Introduction
Cells and proteins are known to interact with their surroundings not only via chemical or biochemical signals, but also through their ability to sense, transduce and exert (mechanical) forces. Variations in these mechanical properties are indicators of changes in the cellular metabolism or state (e.g. disease, cancer, age,…), and can be used as diagnosis tool in early detection of abnormalities and also be employed to test the efficacy of, for instance, anticancer drug treatments.
Most of our efforts at the Institute for Biophysics are focused on the description of such mechanical response of cells and proteins upon diverse stimuli and the hierarchical contribution of the different cell constituents to the overall performance. Furthermore, it is also known that cellular response, biology and fate highly depend on mechanical features of the underlying substrate. Therefore, a detailed mechanical description of these supports becomes of high relevance. Also proteins, very commonly used as substrate for cell attachment have found their space in this section. For them, the target mechanical factors to determine differ from those calculated for cells, but provide also relevant information on their properties and inner arrangement.
Methods
The evaluation of the mechanical properties of the biological samples are performed with atomic force microscopy (i.e. force spectroscopy, force volume, stress relaxation, and creep measurements). Depending on scale of interest either sharp tips (nano-indentation) or colloidal particles (micro-indentation) are used. Rheological models are employed to interpret the experimental outcome. Homemade software (AFM toolkit) has been programmed in R to simplify data analysis.
Structural features of the biological systems are monitored by atomic force microscopy, confocal fluorescence microscopy, and transmission internal fluorescence microscopy.
Cell and hydrogel mechanics
The study of the mechanical properties of (cancer and healthy) cells connect three research fields, cell biology, biomedicine and physics of materials. In this way, we monitor the response and fate of the cells to external mechanical stress while we advance in the understanding the mechanical and structural function of the different constituents of the cell. Thus, we aim to elucidate mechano-transduction pathways, identification of adhesion mechanisms, and differentiation between healthy and cancerous cells. For these tasks we use different substrate coatings and molecules that originate morphological changes and inner structural rearrangements in response to them (e.g. resveratrol, cytochalasin, etc.).
The understanding of the mechanics of hydrogels complements cell studies. On one hand hydrogels can be used as a rheological simplified model that can be compared to cell complexity. On the other hand, hydrogels can be used as cell scaffolds, and their mechanical properties influences cell attachment, shape, and proliferation.
Left: Cartoon showing a stress relaxation experiment. The force- time curve consists of three segments: approach, pause and retract. The “approach” segment delivers information about molecular and colloidal interactions. The “pause” segment conveys information about the mechanical properties of the cell. The “retract” segment gives information about adhesion and molecular elasticity of cell components.
Polymer (visco)elasticity
The characterization of polymers from a micrometer to a molecular scale is a line of research that we want to give more importance to in the next three years.
We mainly study proteins. We differentiate between two types of experiments. In the first type, we study the mechanical properties of biomimetic coatings by varying parameters such as temperature, solvent, ionic strength, pH etc. In the second type, we investigate the elasticity of individual proteins as a function of point mutations, solvent polarity, pH, temperature, etc.

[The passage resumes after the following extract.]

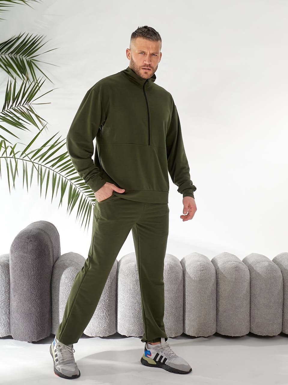 Мужской костюм из двухнитки (кофта воротник на молнии+брюки с карманами+низ на резинке) хаки

Protein coatings are further used for cell attachment studies. We can highlight the use of fibronectin and mucin films. While the former is a protein with selective capability to recognize cell membrane receptors, the latter is a glycoprotein constituting the main component of the mucus secretion of goblet and epithelial cells.
Another interesting example is filamin A (FLNA) which belongs to a family of cytoskeletal actin crosslinking proteins. FLNA is involved in muscle contraction in the cardiovascular system and cardiac health. Furthermore, FLNA mutations in humans seem to cause neuronal and intestinal disorders, while FLNA deficient melanoma cells show severe defects in cell migration. Since FLNA can act as a mechanosensor converting extracellular mechanical signals into intracellular biochemical signals, it is interesting for us to investigate its response to external force.
Left: Unfolding lengths of fibronectin domains.
The unfolding force or pattern is obtained from the “retract” segment of the force-distance curve.
The measurement shows that two domains could be unfolded form the fibronectin coating.
Right: Force distance curve of a (I27)3-FLNaR/FLNaQ-(I27)4 hetero-polyprotein. Molecular biology was used to engineer the polyprotein which has seven titin (I27) protein units. The well-known unfolding sawtooth-like pattern of the individual I27 protein domains are used to elucidate the part of the measurement which corresponds to filamin. The small, long peak in the beginning of the measurement is the unfolding of the Filamin A protein.